Tuberculosis (TB) is the second most important cause of death from infectious disease in the world [1]. Tuberculous pleurisy is one of the most common forms of extrapulmonary TB and may develop as a complication of pulmonary tuberculosis [2, 3]. Interferon-γ (IFN-γ), a Th1 cytokine produced predominantly by natural killer (NK) cells, natural killer T (NKT) cells, and Th1 cells [4-7], plays a pivotal role in pleural granuloma formation and protection against Mycobacterium tuberculosis (M. tuberculosis) [4-11].
Interleukin (IL)-33, an IL-1 family cytokine, is expressed in lung tissue.
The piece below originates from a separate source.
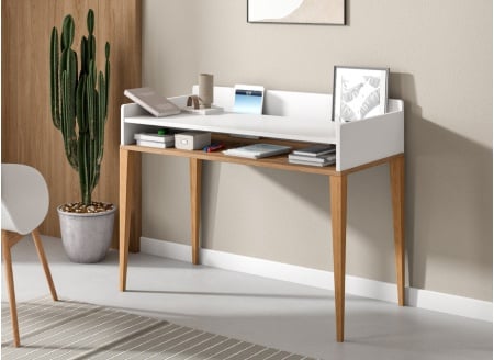 Wilt u een esthetische en functionele werk- of leesruimte creëren? Kies voor ons VINTAGE bureau in Wit en Eiken, geïnspireerd op de jaren 70, om uw interieur te verfraaien. Het kan ook worden gecombineerd met andere meubels uit de VINTAGE collectie.

IL-33 displays pro-Th2 functions and is involved in allergic inflammation and asthma [12-15]. Recent studies found that IL-33 expression is induced by IFN-γ or tumor necrosis factor (TNF) [15-17], which are locally increased in the pleural space of patients with tuberculous pleural effusion (TPE) [18-20]. Conversely, additional studies demonstrated enhanced IFN-γ or TNF production by IL-33 and that the pro-Th1 functions of IL-33 are dependent upon the presence of IL-12 [13, 21-23]. IL-12 is a key player in host defense against M. tuberculosis and a crucial inducer of IFN-γ production [11, 24], which is remarkably elevated in TPE [25]. ST2, a soluble IL-33 receptor, is expressed on Th2 cells and exerts Th2 effector functions upon IL-33 stimulation [12]. In addition, elevated levels of soluble ST2 are found in malignant pleural effusions (MPEs), which have a depressed Th1-mediated immune response [26, 27].
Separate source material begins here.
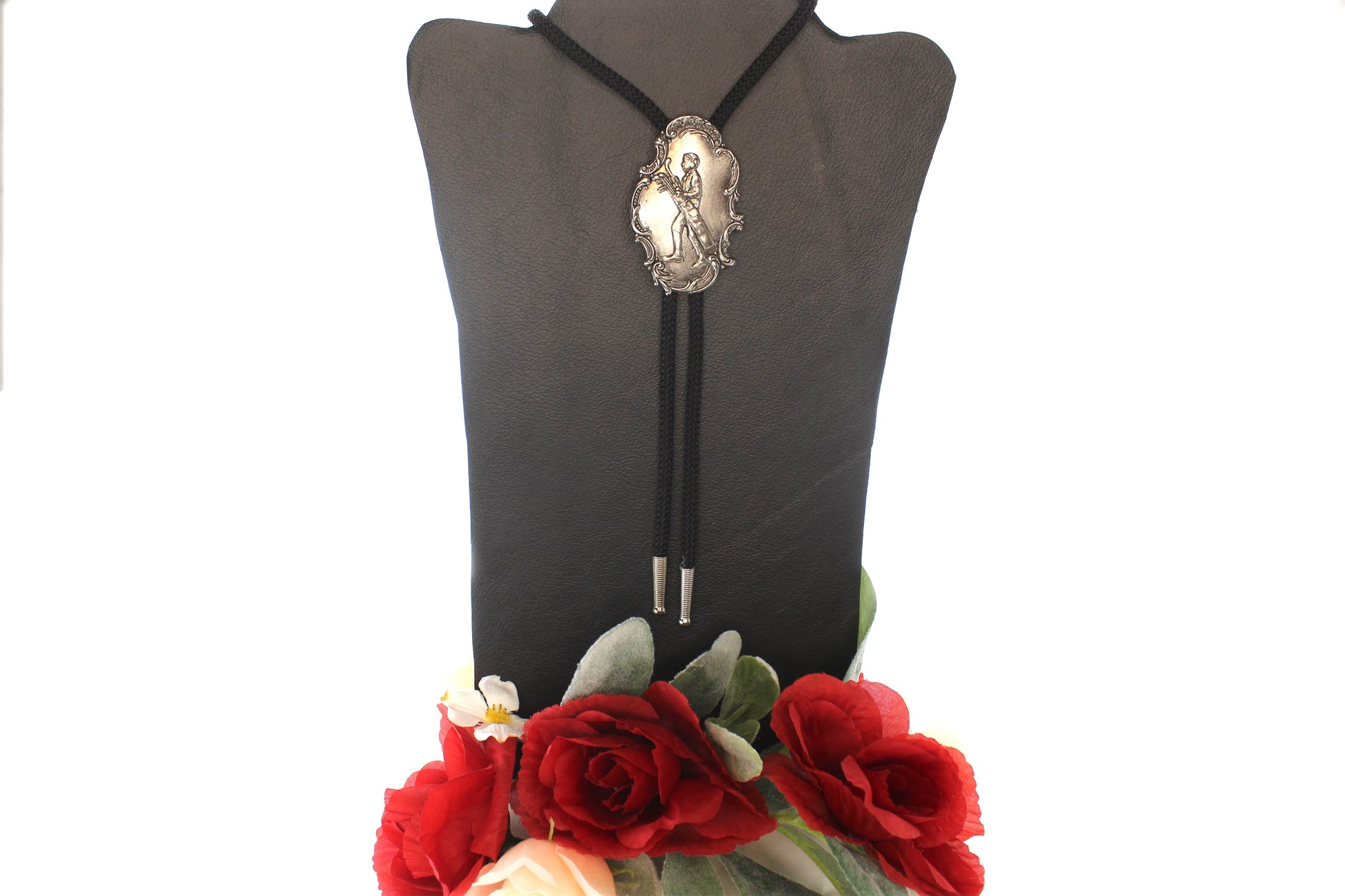 This bolo tie features a detailed silver-tone concho with an embossed design of a golfer mid-swing, framed by elegant scrolling edges that give it a vintage flair. The black braided cord and polished silver tips add a classic Western touch, making it a stylish accessory for golf enthusiasts and collectors alike. Perfect for adding a refined, sporty edge to both casual and dress attire.

To date, there have been no studies on pleural IL-33 levels in human disease. We aimed to identify: 1) pleural IL-33 levels, their association with circulatory levels, and pleural IL-33 soluble receptor levels in patients with TPE; 2) the associations between pleural IL-33 and the conventional TPE markers, IFN-γ and adenosine deaminase (ADA) [8, 19, 28-30]; and 3) the diagnostic usefulness of IL-33 and its soluble receptor levels for the detection of tuberculous pleurisy.

METHODS

1. Study design and population

This study was a cross-sectional, case-control study. The study protocol was approved by the Institutional Review Board for Human Studies at the Clinical Research Center of Wonkwang University Hospital. All recruited subjects provided written informed consent.
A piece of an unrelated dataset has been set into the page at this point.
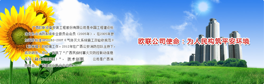 廣西歐聯(lián)設備安裝工程股份有限公司,成立于2002年12月,創(chuàng )立至今,公司始終專(zhuān)注于設備安裝、消防行業(yè)和設施設備的研發(fā)、設計、承包施工、消防檢測、維護保養、建筑(物業(yè))設施設備安全運營(yíng)服務(wù)物聯(lián)中心。公司總部位于南寧市國家高新開(kāi)發(fā)區東盟企業(yè)總部港,在總部港擁有自有產(chǎn)權的綜合辦公樓一幢,并在南寧市東方明珠花園12樓設立銷(xiāo)售總部。 2017年12月,公司在新三板成功掛牌,股票簡(jiǎn)稱(chēng):歐 ......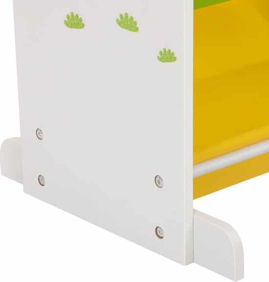 Dankzij de 6 opbergbakken kunnen kinderboeken, knuffels, blokken en ander speelgoed netjes worden opgeborgen en georganiseerd. Hierdoor ontstaat er een opgeruimde en overzichtelijke omgeving waarin kinderen gemakkelijk hun favoriete spullen kunnen vinden en opruimen. Bovendien draagt het bij aan de ontwikkeling van een opgeruimd en georganiseerd denkpatroon bij kinderen.

A total of 537 consecutive patients with pleural effusions (PEs) were prospectively recruited upon admission to the Departments of Emergency, Internal Medicine, and Thoracic Surgery at Wonkwang University Hospital between January 2008 and November 2011. Of these, 317 subjects were excluded because the cause of PE did not definitely meet our diagnostic criteria or paired samples of pleural fluid and serum were not obtainable. Finally, 220 patients were enrolled into the study and all patients (N=220) had sufficient sample-volumes for duplicate pleural and serum IL-33 testing (Table 1). Pleural and serum ST2 were analyzed in 135 cases. We did not measure pleural and serum ST2 levels in 85 cases because sample volumes from these cases were insufficient. Pleural levels of ADA, IFN-γ, lactate dehydrogenase (LDH), total protein, and total lymphocytes were measured in all patients (Table 2).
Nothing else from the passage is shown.